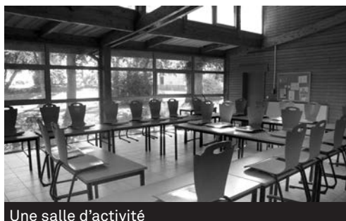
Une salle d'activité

...

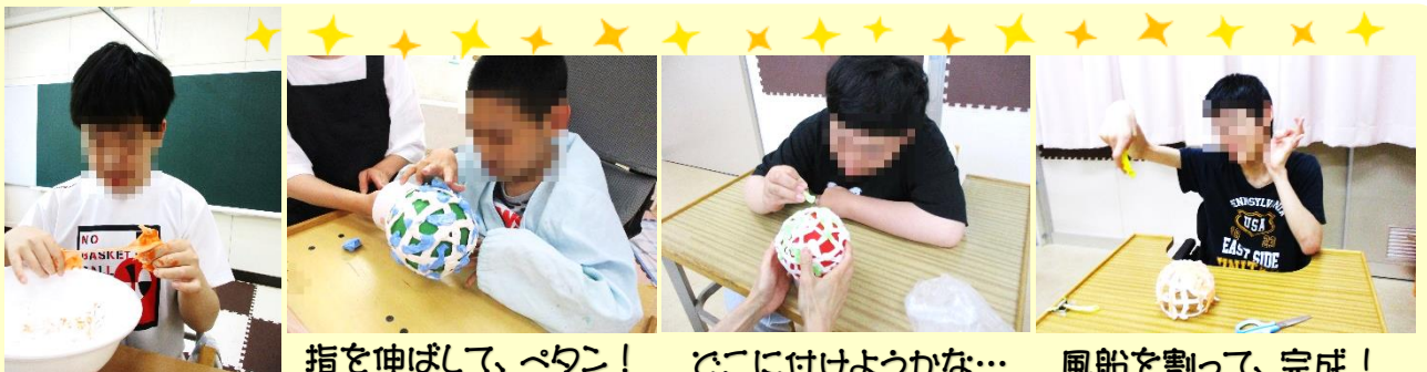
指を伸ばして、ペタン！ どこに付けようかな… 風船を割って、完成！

---

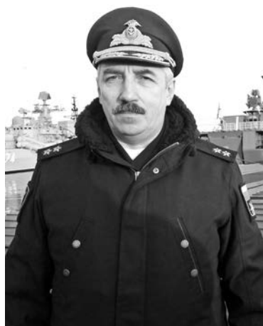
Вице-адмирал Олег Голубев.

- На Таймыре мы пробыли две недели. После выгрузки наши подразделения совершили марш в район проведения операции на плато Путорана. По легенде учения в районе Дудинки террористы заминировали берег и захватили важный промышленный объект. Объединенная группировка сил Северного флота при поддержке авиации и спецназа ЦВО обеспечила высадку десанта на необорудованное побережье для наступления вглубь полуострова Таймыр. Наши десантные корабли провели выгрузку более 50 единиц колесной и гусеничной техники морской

— Work to be completed —
The expected output is exactly the lines of the listing above between the line holding "Вице-адмирал Олег Голубев." and the line holding "- На Таймыре", inclusive.

— Answer area —
Вице-адмирал Олег Голубев.

- На Таймыре мы пробыли две недели. После выгрузки наши подразделения совершили марш в район проведения операции на плато Путорана. По легенде учения в районе Дудинки террористы заминировали берег и захватили важный промышленный объект. Объединенная группировка сил Северного флота при поддержке авиации и спецназа ЦВО обеспечила высадку десанта на необорудованное побережье для наступления вглубь полуострова Таймыр. Наши десантные корабли провели выгрузку более 50 единиц колесной и гусеничной техники морской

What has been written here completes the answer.